Туман над проливом Лонга
Впрочем, поездкой ту командировку можно назвать с большой натяжкой. Из Магадана в Апапельхино (аэропорт заполярного города Певека) я добирался, естественно, на борту Як–40, автомобильной дороги туда нет. В Певеке ко мне присоединился собкор "Магаданки" по Чаунскому району Володя Курбатов, и мы на пару опять же по воздуху добрались до мыса Шмидта, где осели в общаге Рыркайпийской автобазы в ожидании летной погоды. В соответствии с редакционным заданием, нам предстояло вылететь на остров Врангеля для сбора материалов о работе местной полярной станции и о ходе эксперимента по разведению овцебыков. Собственно, либо на "полярке", либо в обществе этих милых животных нам скорее всего и пришлось бы встречать Новый 1974 год. Если бы вдруг на Мысе Шмидта не задул ураганный ветер "южак", а на пролив Лонга, отделяющий остров Врангеля от материковой части Чукотки, не опустилась завеса ледяного тумана.
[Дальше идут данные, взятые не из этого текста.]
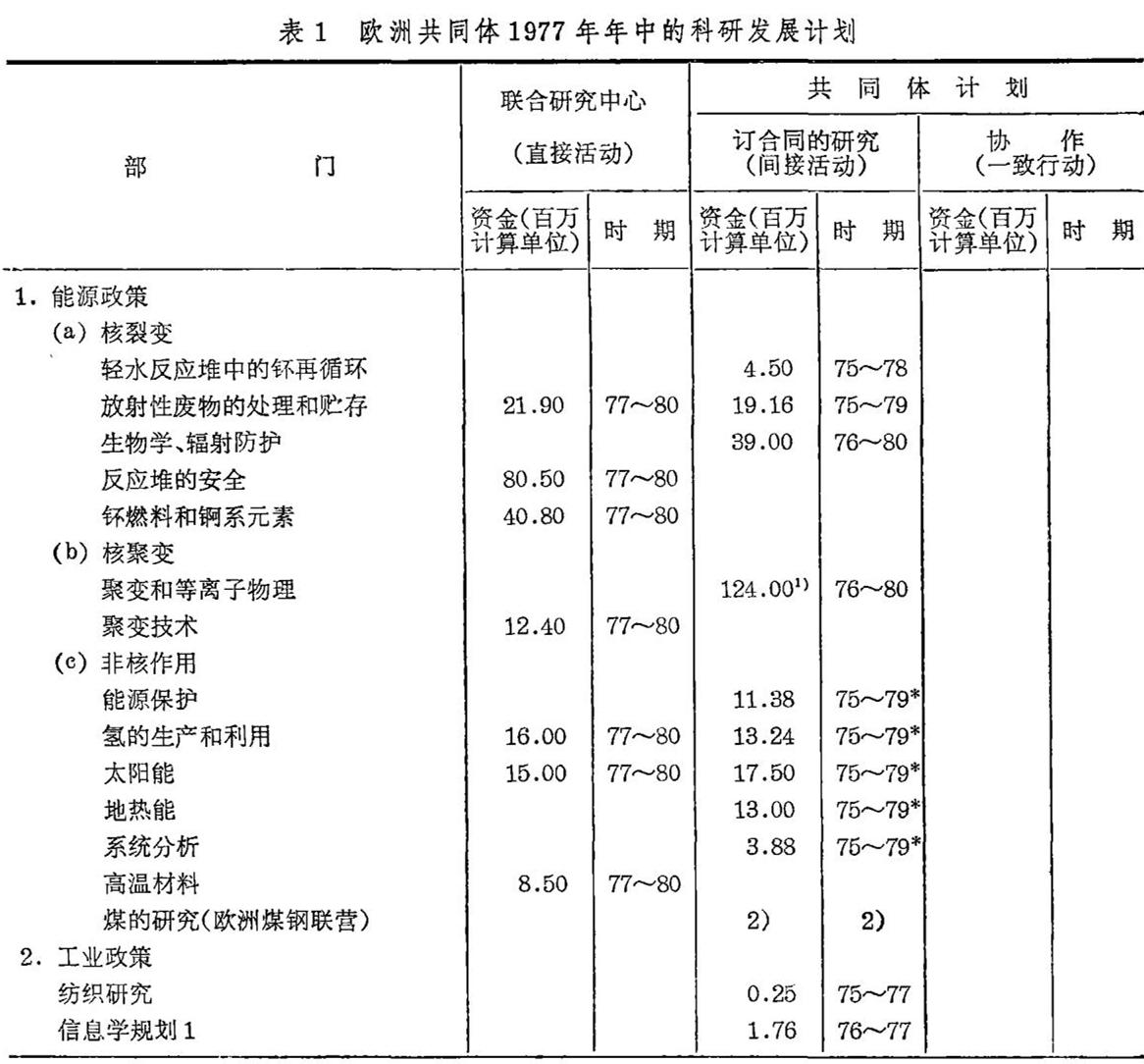 尽管存在困难和障碍的背景,共同体科研政策的诞生迄今仍被看作是个成功。联合研究中心制定了一项1977 ~ 1980年新的研究计划,提供了加强和重新调整研究中心活动的机会,并给予研究工作以新的推动力。
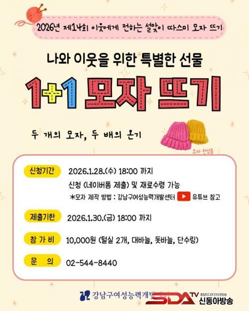 ÀÌ Çà»ç´Â °³²±¸¿©¼º´É·Â°³¹ß¼¾ÅÍ ÇнÀµ¿¾Æ¸® ȸ¿øµéÀÌ 2013³â ÀÚ¹ßÀûÀ¸·Î ½ÃÀÛÇØ ¿ÃÇØ·Î 14ȸ°¸¦ ¸Â´Â´Ù. Áö³ÇØ¿¡´Â 241°³ÀÇ ¸ðÀÚ¸¦ Ãë¾à°èÃþ¿¡°Ô ¼±¹°Çß´Ù. Âü°¡¸¦ ½ÅûÇÏ¸é µÎ °³ÀÇ ½Ç·Î Çϳª´Â ¼Ò¿ÜµÈ ÀÌ¿ôÀ» À§ÇÑ ¼±¹°À», ´Ù¸¥ Çϳª´Â ÀÚ½ÅÀ» À§ÇÑ ¸ðÀÚ¸¦ Á¦ÀÛÇÏ¿© ÀÌ¿ô¿¡°Ô µû¶æÇÑ ¿ÂÁ¤À» ³ª´©´Â ¼ÒÁßÇÑ ½Ã°£À» º¸³¾ ¼ö ÀÖ´Ù.

Пролив шириной полтораста километров, соединяющий Восточно–Сибирское и Чукотское моря, отличается исключительно коварным, непредсказуемым нравом. Всему виной непостоянство ветров и столкновение течений, делающих пролив непреодолимым для людей и оленей даже в самую лютую стужу, когда весь Ледовитый океан скован льдом многометровой толщины. Здесь, в проливе, ледовый панцирь постоянно трещит, крошится, льдины наползают друг на друга. Горе морскому зверобою, рискнувшему выйти в море на утлой байдаре, — это плавание будет для него последним.
И все–таки береговые чукчи, вооруженные опытом поколений, каким–то образом умеют вычислить безопасные пути в этом ледовом крошеве и ухитряются перегнать своих оленей на остров. На этот риск они идут не от хорошей жизни. Бич оленьих стад на материковой Чукотке — овод, от которого нет никакого спасенья, на острове Врангеля отсутствует.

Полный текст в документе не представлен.